Your copy should hold the lines below from the first through the one that contains "Si vous souhaitez", each retyped exactly, and no pictures.

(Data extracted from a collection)
Segment Open

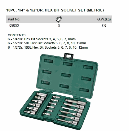 SATA 09053 18PC. 1/4inch & 1/2inch DR. HEX BIT SOCKET SET (METRIC) | EMIN.COM.MM
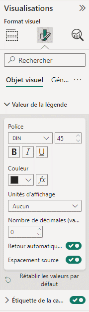 Si vous souhaitez afficher la valeur réelle il faut modifier la valeur de la légende et l'unité d'affichage à "aucun", ainsi la valeur réelle sera reprise dans la carte.
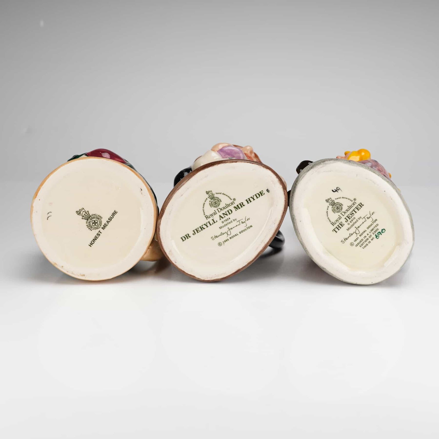 A collection of three Royal Doulton character jugs crafted in hand-decorated glazed ceramic. The group includes Dr. Jekyll and Mr. Hyde D7024, a double-sided piece modeled by Stanley James Taylor and dated 1995, portraying the dual-natured character. Also included is Honest Measure Small D6108, depicting a seated man in an 18th-century tricorne hat and green coat holding a tankard and long-stemmed pipe. The third item is The Jester D6910, also modeled by Stanley James Taylor and dated 1991, identified as a limited edition number 690 of 2,500. Each jug features vibrant colors and detailed modeling. The undersides bear full manufacturer marks, titles, and modeler attributions.
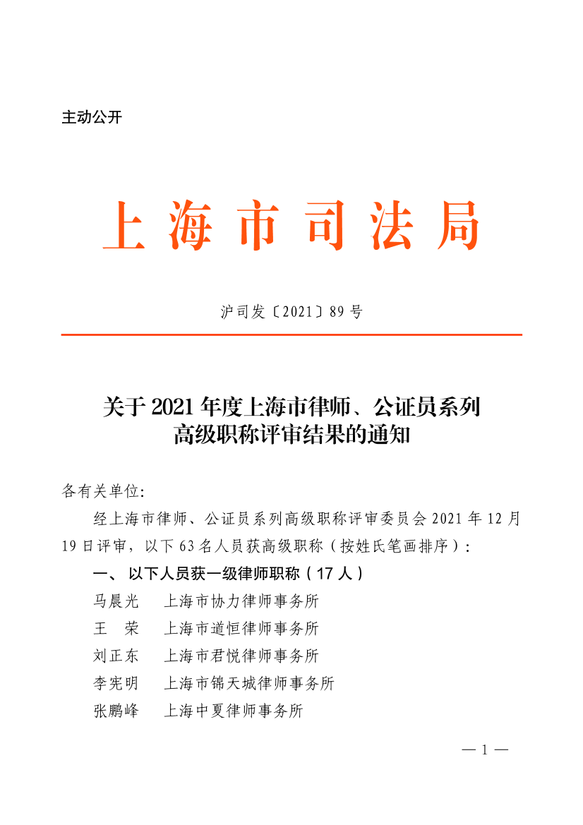 经上海市律师、公证员系列高级职称评审委员会2021年12月19日评审,以下63名人员获高级职称(按姓氏笔画排序):
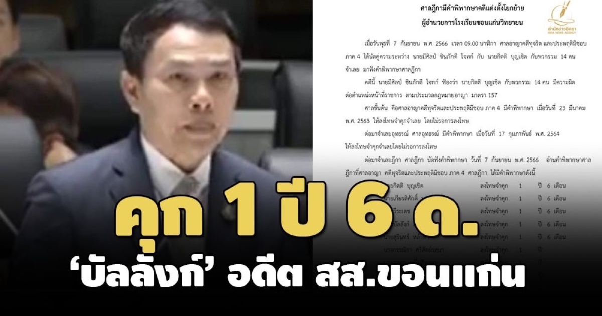 ศาลฎีกา พิพากษาจำคุก 1 ปี 6 ด. 'บัลลังก์ อรรณนพพร' อดีต สส.ขอนแก่น คดีแต่งตั้งโยกย้าย ผอ.รร.ขอนแก่นวิทยายน มิชอบ พวกกก.สถานศึกษาโดนด้วย 12 ราย เฉลี่ยคนละปี

Segment Closed

__Response to the task__:
 SATA 09053 18PC. 1/4inch & 1/2inch DR. HEX BIT SOCKET SET (METRIC) | EMIN.COM.MM
 Si vous souhaitez afficher la valeur réelle il faut modifier la valeur de la légende et l'unité d'affichage à "aucun", ainsi la valeur réelle sera reprise dans la carte.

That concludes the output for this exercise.